何で今まで気づかなかったの、私!(それは真剣にバトルを見ていたから)
森を見た瞬間満月は悶絶し始めた。実は満月は無類の『可愛いもの好き』なのである。
暫く唸るように悩んだあと、決心がついたのか柵に足をかけて飛び降りた。佐野は急な展開に目を丸くしていて止める事も忘れている。
スタッ
「「!!」」
行き成り現れた人物を見遣る。2人に注目された満月はただにっこりと微笑むだけ。そしてズカズカと森の方へと近寄っていった。
「おい。アンタ誰?」
「私?気にしなくても良いよ、植木君」
「なんで、俺の名前…」
「それよりも植木君は平をやっつけて。この森ちゃんvって子は私が守ってあげるから!」
親指をたててグッと植木に向ける。それを見て暫く無言だったが植木はこくんと頷いた後、平の方へと向き直る。
「森のこと、頼んだ」
「任せて!」
「この左目の代償は高くつくぞ!植木!!」
「……満月のやつ、何やってんねん」
平と植木の対戦に入り込んだ満月を見て溜め息をつく。大方、可愛いもの好きに目が無い満月のことだ。

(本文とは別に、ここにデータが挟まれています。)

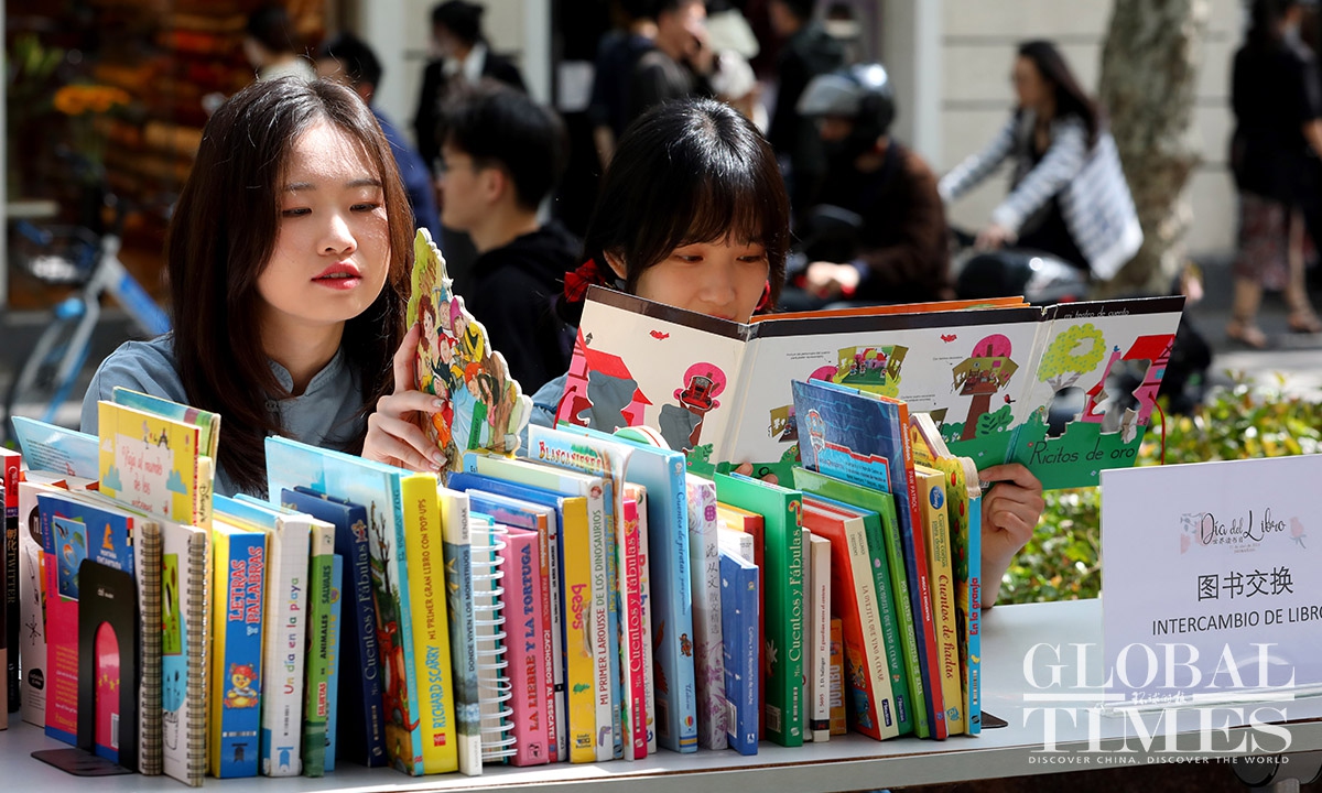 Shanghai celebrates World Book and Copyright Day which falls on April 23, holding a number of book sharing events and exhibitions. Shanghai Cervantes Library held a series of activities on April 22, including book exchanges, new book sharing sessions and exhibitions. All visitors have access to the collection of more than 15,000 books in Spanish and Chinese. A new cultural landmark in Xuhui District, the Zikawei Library, also attracted many readers on April 23. As a comprehensive library, it incorporates books, a reading area, an exhibition and lecture halls.

あの森っていう少女に惚れこんだのだろう。その証拠に頬擦りしそうなほどにぎゅっと抱きしめている。
理由が理由なだけに更に溜め息をつく。これも相変わらずか…。
それにしても……さっきの一撃で仕留めとんかったのはまずかったな、植木。
「オレは”空白の才”で”支配の才”を手に入れ…世の中の邪魔な奴を支配してやるんだよ…!それには………てめぇは邪魔だ!!!!」
先ほどよりはやい炎の弾。避けたと同時に起きる凄い爆破音。
「な…」
振り返ってみると、攻撃の当たった部分が焼き焦げていた。
「ただの炎じゃないぜ?これも俺の能力の応用…”炎弾”だ!炎を圧縮し、”弾”として一気にはき出す!

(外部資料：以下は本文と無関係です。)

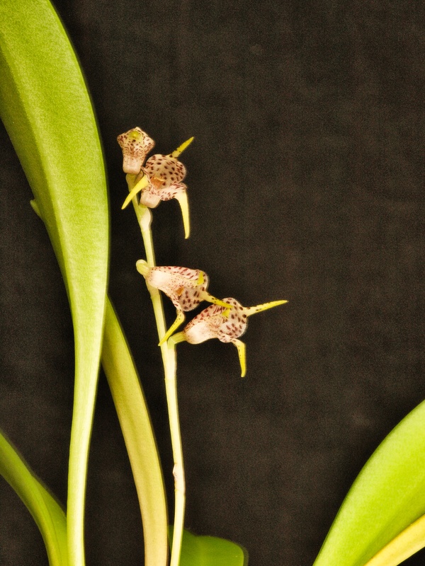 Found in Ecuador and northern Peru at elevations of 2200 to 2500 meters as a miniature sized, cold growing epiphyte with erect, slender, ramicauls enveloped basally by 2 to 3 tubular sheaths and carrying a single, apical, erect, coriaceous, narrowly elliptical-oblong, subacute, narrowly cuneate below into the petiolate base leaf that blooms in the fall, winter and spring on a slender, erect, 4 to 6.8" [10 to 17 cm] long, loose, secund to subsecund, simultaneously several flowered inflorescence with 1 to 2 distant bracts below the middle, from low on the ramicaul with thin tubular floral bracts and carrying the flowers beginning just at or just above leaf height.

今までの炎みたいに燃やすことができない打撃系の技だが…そのぶん、攻撃速度は格段に増す!!」
勝利を確信してか、平は口の端を吊り上げて笑った。それを見て満月は眉尻を上げる。
自分に慢心するなんて…。
「これで――――形勢逆転だな!!」
「ん?ああ、ゴメン…今の説明全然理解できなかった」
「て…てめえ…!!」
植木の反応に平は血が上がったのか、後ろに背負っている鞄からペットボトルを取り出す。
そして先ほどと同様に炎弾を打ち出す。ただし、一発ではなく連発で植木を襲う。
「!!!」
避けきれなかった一発の炎弾を食らうと次から次へと飛んでくる。
植木は耐え切れずその場に倒れた。
「植木君!!」
「ははは!やっとくたばったか!!そのまま気絶しちまえよ、植木。
そうすりゃお前の負け…ゲームオーバーだ!その木の能力もなくなって普通の生活にもどれるぜ。」
植木への勝利を確信した平は高らかに笑った。そして満月と森の方へと視線を動かす。
「…さてと……次は、そっちの邪魔女だな。」
「…この子に手を出すんだったら、容赦しないわよ?」
「誰だ?お前は。邪魔するきかぁ?」
満月は森を巻き込まないように端へと連れて行く。そして、平と向き合った。
その表情は先ほどのような笑顔は無く、冷たいものだった。
「能力者でもねぇ、お前に何が出来るんだよっ!!」
「……能力者、ねぇ…?」
満月は不敵に笑ったあと、スカートのポケットに左手を突っ込んだ。と、直ぐに手ごたえのある鉛筆達。それを一本一本指の間に挟む。そしてポケットから手を引き抜こうとした瞬間、満月は目を見開いた。
その様子に平も後ろを振り向く。そこには―――――
「な!!?」
「まさか!立ちおった!」
佐野も驚き目を見張った。その場にいた誰もが目を疑った瞬間だった。
負けたと思っていた植木が立ち上がったのだ。
「フンッ!!ど…どうやら手加減しすぎちまったらしい……」
「植木君…」
「これで終わりにしてやるよ!!”炎弾”1000℃だ!!」
平は植木の左肩を狙って炎弾を撃った。確実に当たって植木は吹っ飛ぶ。だが、直ぐに立ち上がり平と向き合った。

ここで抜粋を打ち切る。